MiRNAs involved in the line of communication cancer-lymphocytes are shown in Table 2.

Table 2.

miRNAs involved in the line of communication cancer-lymphocytes

Involved molecule	Involved secondary molecules	TEX miRNA	Immune cell involved	Author
DAP12	TGF-β	miR-183	NK	[51]
NKG2D	TGF-β1	miR-210	NK	[52]
CD107a		miR-23	NK	[53]
	FasL, INF-γ	miR-92a	NKT	[54]
PTEN	IL-10	miR-214	T cell	[60]
MICA/MICB	NKG2D	miR-20a	NK	[62]
MICB		miR-10	NK	[63]

Summary and Future Directions

The TME is emerging as a focal component in cancer biology and resistance to treatments.
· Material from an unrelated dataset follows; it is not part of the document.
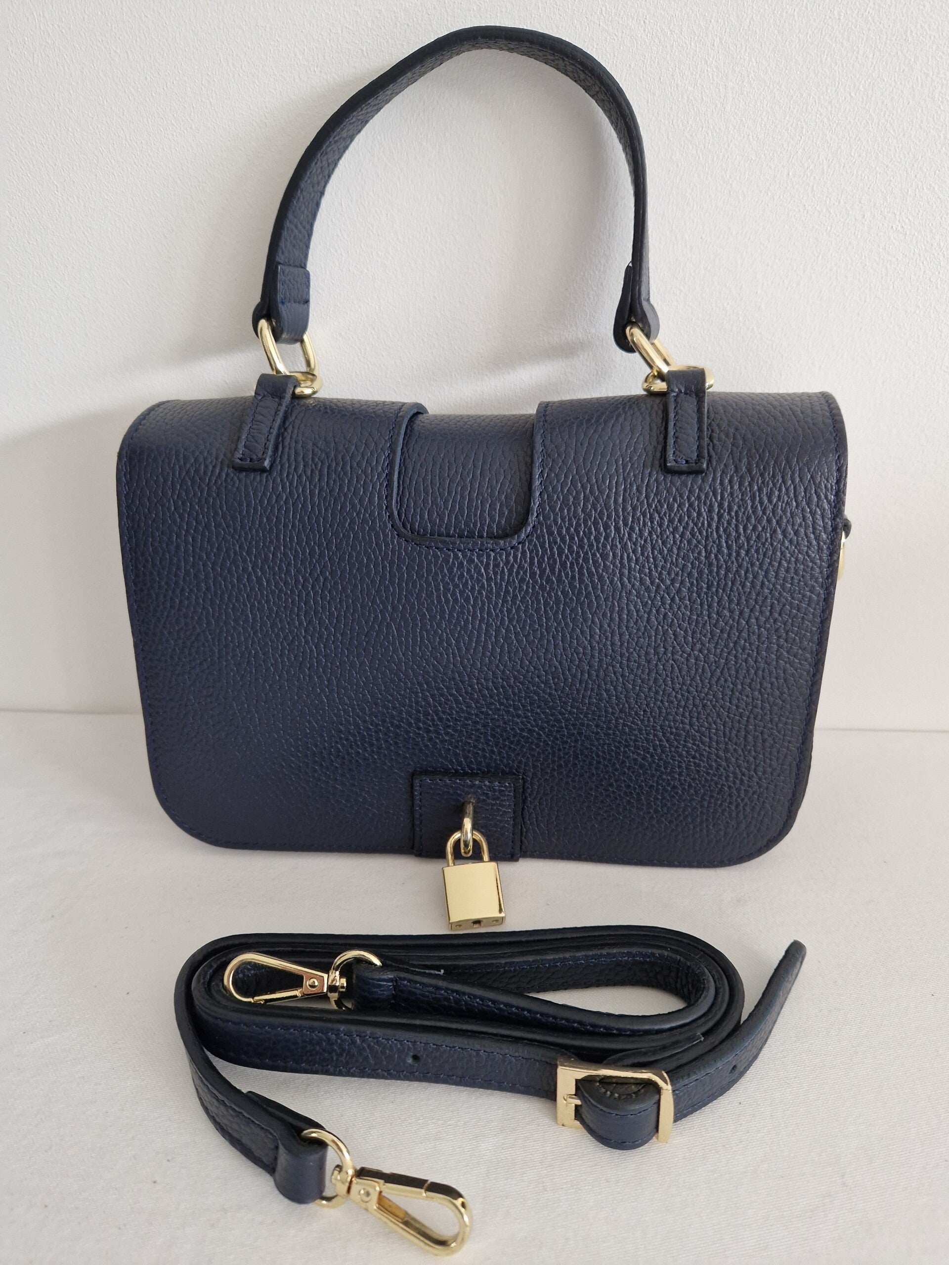 Sac à mainMatière: cuir dollarCouleur: bleu marineRabat et clip cadenas déco, bandoulière réglable et amoviblefermeture éclair, poche intérieure zippée, quincaillerie doréeL: 25cm, H: 13,5cm, P: 6,5cmRéf: 1172

In TME, defined as the tumor surrounding cellular environment, each components communicates with and affects the behavior of cancer cells, leading to a constant balancing between pro- and anti-tumor phenotype. One of the main ways of communication between these cells is mediated by EVs. The most extensively studied EVs are exosomes (30–100 nm), in particular TEX that are currently accepted as mediators of carcinogenesis [64], and can functionally transfer their content to the recipient cells [16]. Immune-evasion represents one of the hallmarks of cancer success growth in an organism, and several studies have highlighted the role of TEX as a winning strategy exploited by cancer cells to evade immune-surveillance [65]. TEX contain not only proteins and lipids, but also genetic messages like genomic DNA, mRNA, and miRNAs. Increasing evidence points towards a central role of exosomal miRNAs in the dialogue between cancer cells and immune cells, and the outcome of cancer-immune system interactions is orchestrated by this inter-cellular shuttling of these small non-coding RNAs. Certainly this observation does not exclude a role for other tumor-derived exosome cargo molecules. Actually, a systematic analysis of the effects of proteins versus mRNAs versus miRNAs versus long non-coding RNAs versus DNA is missing and only such a systematic approach will address the issue of the relative contribution of any of these macromolecules in immune-escape scenarios. A further layer of complexity is represented by the complexity of the TME and the fact that shuttling of exosomal cargo constantly occurs among cancer cells and the several different cell populations of the TME. Moreover, the stoichiometry of these interactions is completely unknown. For instance, it is unknown how different concentrations of TEX miRNAs will affect targeting of mRNAs in surrounding immune-cells, therefore affecting the overall balance between immune-stimulation and immune-escape.

Future efforts will have to address these questions, especially to promote our translational endeavors towards the development of new therapies that impair TEX-mediated immune-escape and re-establish a healthier and reactive anti-tumoral immune response.